Thursday, December 27, 2012

Mars Needs Guitars

I've always had an on-again, off-again relationship with the guitar. Not in terms of listening to guitar-based music...I haven't wavered on my affection for guitar rock since 1980. But playing the guitar has been another story. I first took a guitar class when I was in high school in Richland, WA, in 1982; my parents  bought me an acoustic. The class was very basic and I can barely remember anything that happened in it, other than the day there was a big rally IN FAVOR of the local nuke plant (you have to remember that many of the inhabitants of this area moved there to work at the Hanford plant). I just remember we got out of school early one day and a kid I know offered me a hit off his joint. I refused and we walked down to watch the rally.

After we moved to New Hampshire, my mom signed me up for guitar lessons from a woman who lived in our town. She was fairly young (I'm guessing late 20s/early 30s) and was pretty cool. I went for several months and was pretty good about practicing, but the classes stopped after a horrific drunk driving accident near our house in which the woman's husband was killed. In the meantime, my mom went to Daddy's Junky Music in Saugus and got me a used Gibson L6-S that dated back to the '70s. Turns out Gibson recently reissued the model. Anyway, it was a nice guitar and I had a small backstage Peavey amp to go with it.

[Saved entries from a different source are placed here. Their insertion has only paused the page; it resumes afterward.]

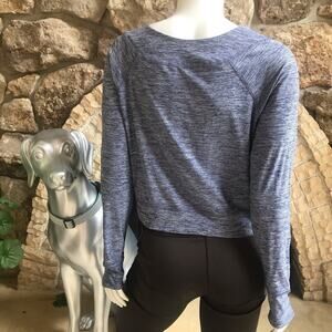 Layer 8 Cropped Long Sleeve Blue Gray Space Dye Top Women's Size Medium. Measurements: bust:19. length: 19
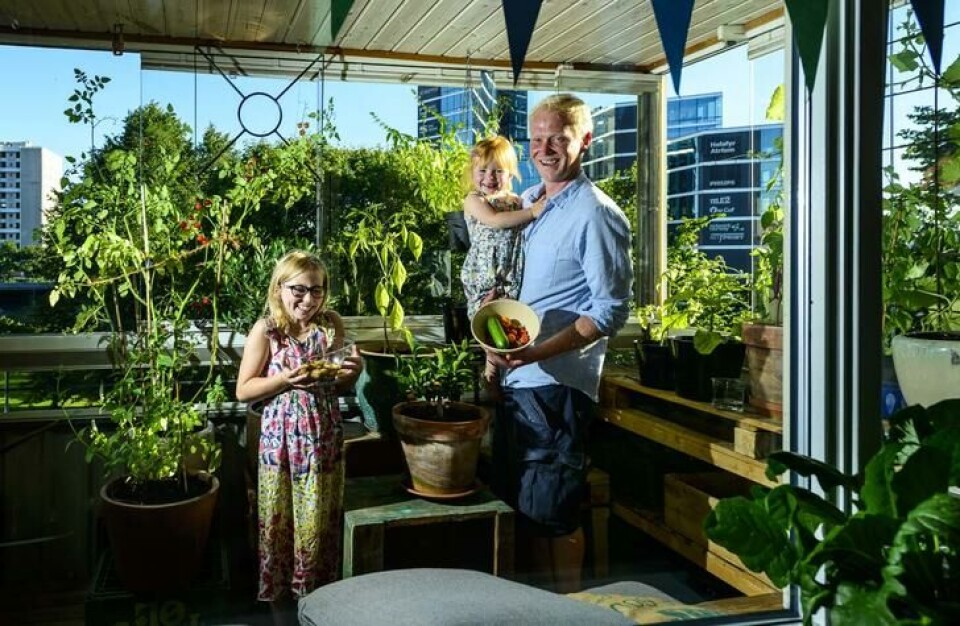 – Det at balkongen er innglasset gjør at jeg egentlig har et drivhus her oppe. Jeg synes det vokser bra her, har alltid fått god avling, forteller han.
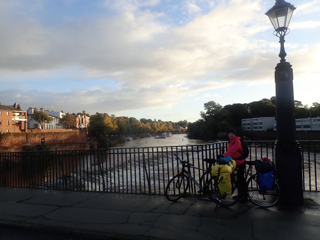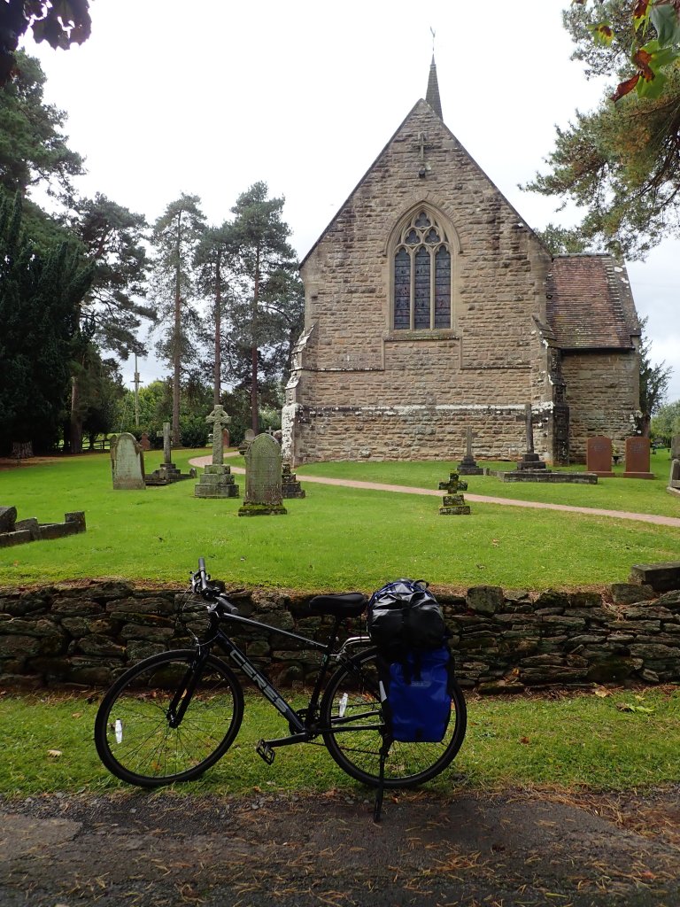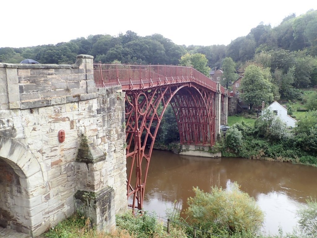 We had a rather itchy start to the day – the room seemed pristinely clean, but we definitely got seriously bitten by something during the night! We quickly rejoined the NCN route and followed a series of small country lanes through small villages. We stopped for coffee in a pleasant park in Shawbury – notable as the home to the lowest ever recorded temperature in England of -25C in December 1981. Today was pleasantly mild however, for early October anyway, and the predicted showers failed to materialise. The country lanes got narrower, twistier and hillier as we got closer to the end, but the scenery was lovely, particularly passing “The Wrekin” hill. We finished with a long downhill through Coalbrookdale – claim to fame, the location of the first ever iron ore smelting – down to the River Severn. At this point, the good weather deserted us – we were barely 2km from the end and the rain hammered down, so we arrived soaked. The road through Ironbridge was closed for resurfacing which was slightly worrying, but we were able to get through on the pavement to the pub that we were staying in tonight. We checked in and then went for a wander around town. Ironbridge is a very picturesque little town that looks like the sort of place that is crazy touristy in summer, but at this time of year was nearly deserted. We had a fine dinner of Sausage, chips and gravy from “The Ironbridge” chippy back in our rather chilly room – staring at radiators and wondering when (if ever) they would come on would become something of a theme for this trip!
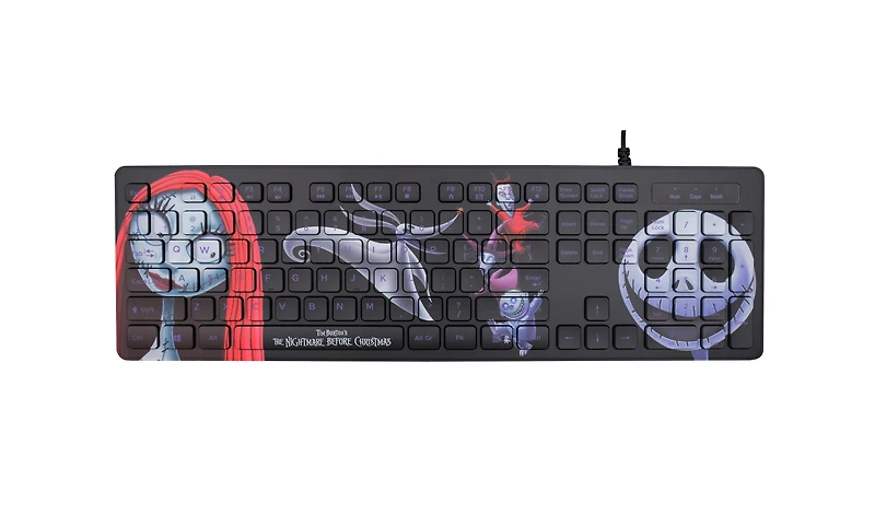 Transform your workspace into a whimsical and spooky world with this keyboard. Featuring iconic characters like Jack Skellington, Sally, this keyboard blends Tim Burton’s hauntingly charming aesthetic with functional design. The vivid keycaps are adorned with unique artwork from the beloved film, adding a touch of Halloween Town magic to your typing experience. With backlit keys for low-light conditions and a sturdy, responsive design, it's perfect for fans of the classic movie looking to elevate their desk setup. Whether you're typing by the glow of a pumpkin or the light of a Christmas tree, this keyboard will bring a bit of eerie joy to every keystroke.
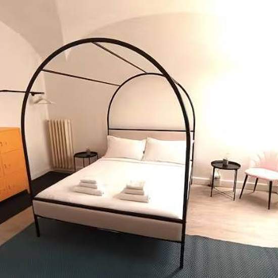 Splendido appartamento con soffitto a volte, piano seminterrato ma luminoso, con piccolo terrazzino privato, cucina completamente attrezzata e frigorifero di design, due ampie camere da letto, grande soggiorno. Bagno piccolo ma comprensivo di ogni comfort (no bidet, ma doccino). Possibilità di doppio ingresso indipendente. L'appartamento verrà affittato compreso di letti matrimoniali di design, armadi, frigorifero e attrezzi della cucina (nuovi), lavatrice, forno, divano (identico a quello della foto ma senza L). Quartiere alla moda, ricco d...
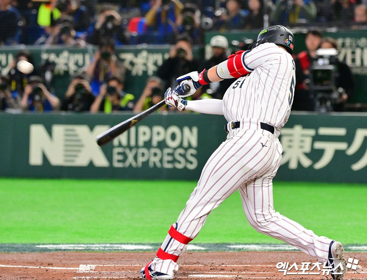(엑스포츠뉴스 도쿄(일본), 김한준 기자) 7일 오후 일본 도쿄돔에서 열린 2026 월드베이스볼클래식(WBC) C조 한국과 일본의 경기, 1회말 1사 2루 일본 스즈키가 투런 홈런을 날리고 있다.
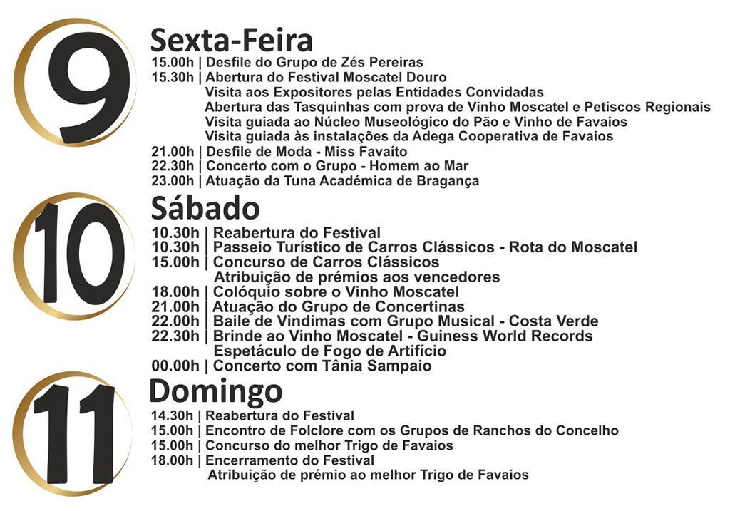 A tarde do dia 9 de outubro marca a abertura do Festival com uma Arruada de Zés Pereiras na Rua Direita de Favaios, seguida da Visita aos Expositores e Tasquinhas que se farão aí representar. Nesse mesmo dia propõe-se ainda o Concurso Miss Favaíto, que se traduzirá num Desfile de moda com atribuição de prémios às vencedoras. O dia 10 de Outubro é assumidamente o dia principal deste Festival e inicia-se com um convite para um Passeio/Concurso de Carros Clássicos, a que se seguirá um Colóquio sobre o Vinho Moscatel e o tradicional Baile de Vindimas. Já com o cair da noite chega o arrojado desafio “Brinde ao Vinho Moscatel” extensível a todos aqueles que se queiram juntar a esta iniciativa a contar para o Guiness World Records. No último dia do Festival, 11 de Outubro, de destacar um Encontro de Folclore com grupos de ranchos do concelho, que se desenrolará paralelamente ao Concurso que visa premiar o melhor Trigo de Favaios.
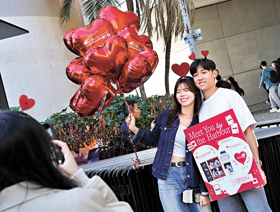 今年情人節適逢年廿七,香港街頭既可見親朋成群歡聚,更不乏情侶結伴過節,一對對情人手捧鮮花、肩挽禮品,走過愛心裝置與各式節日擺設,成為城市間一道浪漫醉人的風景線。香港文匯報記者昨日在尖沙咀海旁直擊,發現原來不少旅客都選擇於香港度過這個浪漫假日,有台灣情侶早已預訂情人節套餐以饗味蕾,也有內地旅人攜伴探索城市一隅,記錄屬於二人的甜蜜戀曲。無論形式如何,天下有情人紛紛以自己的方式表達愛意,為節日添上暖心一筆。●文︰香港文匯報記者 李千尋
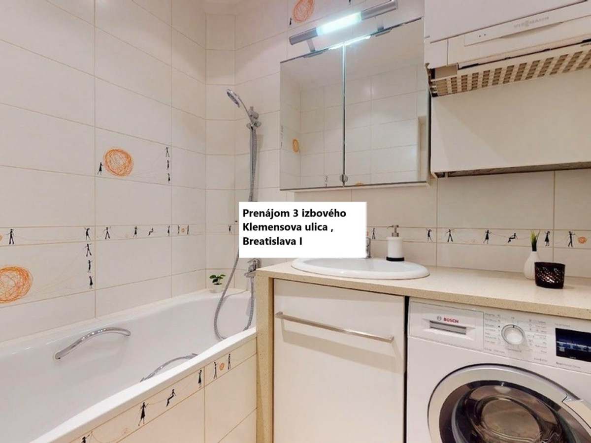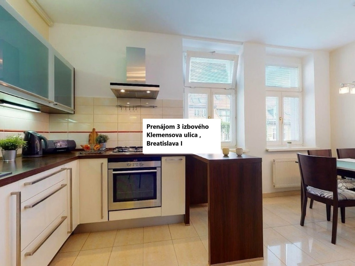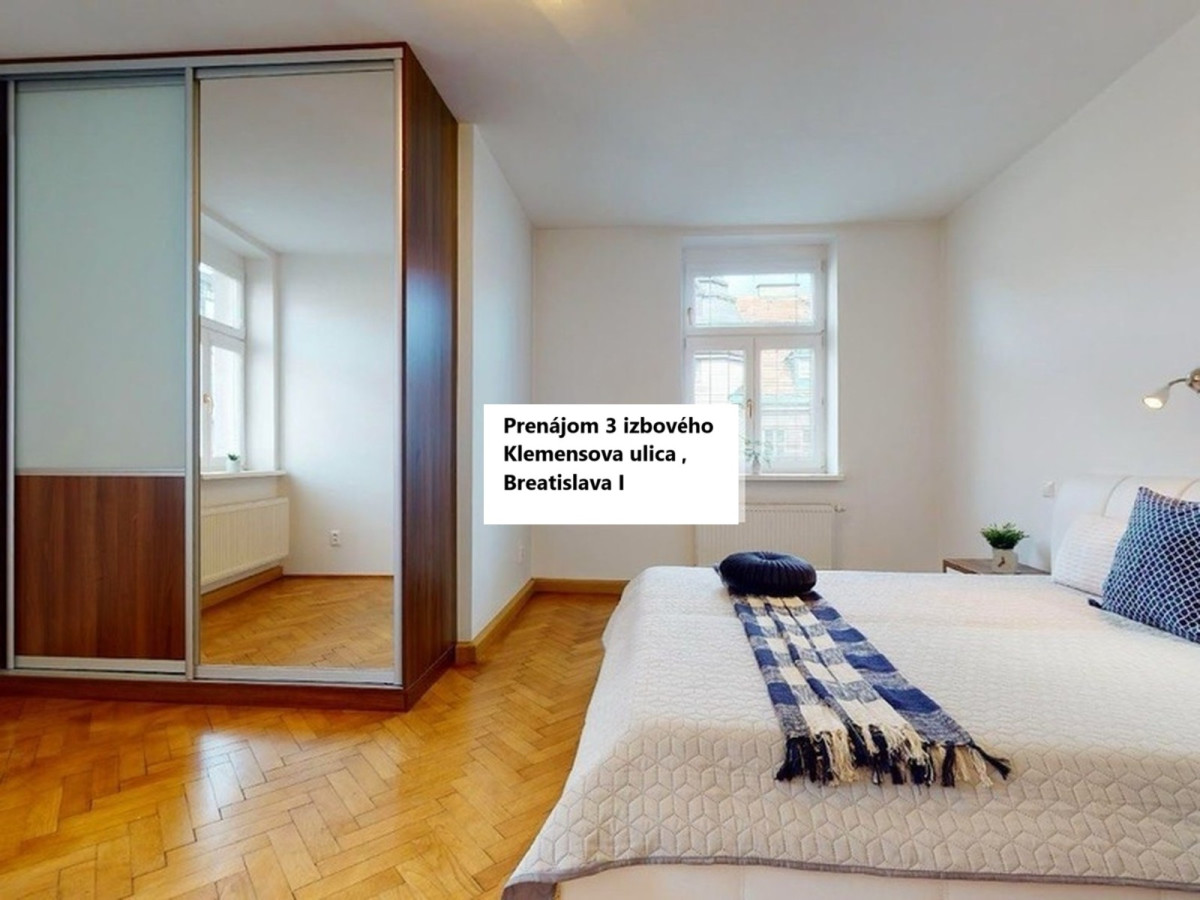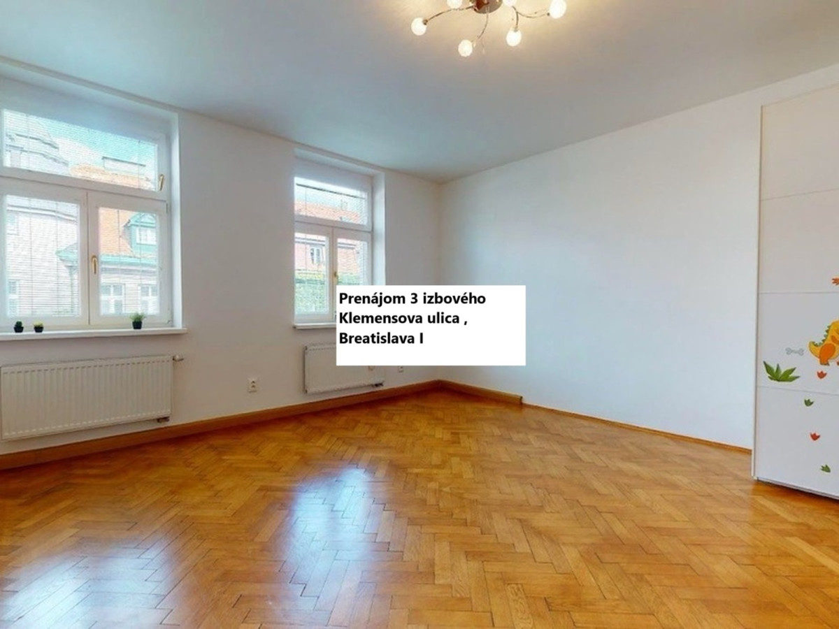 Prenájom 3 izbový byt Klemensovej ul.v Bratislave - Staré Mesto , čiastočne zariadený, úžitková plocha 103 m2, nachádza sa na 4.poschodí/5, bez výťahu, čiastočne zariadený, samostaný vstup do izieb a kuchyne. Voľný ihneď. Cena prenájmu: 1.050 eur/mesacne + 100 Eur za energie. Ponuka je cez RK

I was listening to a lot of hard rock and metal and subscribed to Guitar World and Guitar for the Practicing Musician; by the mid-'80s, I had developed an appreciation for speed guitarists like Eddie VH, Yngwie Malmsteen, Steve Vai and Joe Satriani. Granted, I still couldn't play for shit, let alone like those cats, but I liked listening to solos played at the speed of light. I briefly joined a band for a week, learning the riff to the Scorpions' "Rock You Like a Hurricane" but nothing came out of it. Part of the problem was we lived out in the outskirts of town; I had friends at school, but never hung out with anybody except a couple of guys. Maybe if I was jamming with buddies who had guitars things would have been different. But eventually the guitars started collecting dust and by the time I got to college, I wasn't playing at all. After freshman year, I left them at home, and then after my dad lost his job and the family was hurting for cash, I let my mom sell my acoustic and my amp.

Thankfully I held on to the Gibson and in the mid-90s when I got my own apartment, I decided to get serious about playing again. I picked up an amp and got some rock books and would practice. But it would go in fits and starts. Pretty much every year around this time, I start thinking about New Year's resolutions and one of them is always to play guitar again. And I'll go through stretches where I play in front of the TV and learn chords and riffs and then at some point lose interest. A couple of years ago, I bought a new acoustic and last year, my buddy Jay let me "have" a BC Rich Warlock that he'd been holding for another friend of his. I've practiced a fair amount with it, although I've yet to plug in and really test it out. It's a ridiculous looking metal guitar, but kinda fun to play.

So there I was on Christmas night, on my third or fourth beer after the girls had all gone to bed, watching the DVD of Led Zeppelin's Celebration Day and marveling at how awesome Jimmy Page still sounded. And pretty much every time I watch a great guitarist play, whether it's live or on TV, I think of how I should be playing. But this time, probably encouraged by the alcohol, I started Googling guitar lessons on my smartphone. And found a music school in Beverly that I had read about in the past, and then sent them an email inquiring about lessons. An instructor called me back yesterday and we set up an appointment for next week. I figure I haven't been able to sustain any kind of discipline about playing, but maybe with a structure in place I'll actually do what I've been trying half-assedly to do for the last 30 years, which is learn to play. I don't have any grand ambitions about it, but I'd love to just be able to play a song from memory instead of having to sit down with a book in front of me. We'll see how it goes, but I'm kind of psyched that I finally went ahead and did it. With any luck, my world tour will start in January 2014.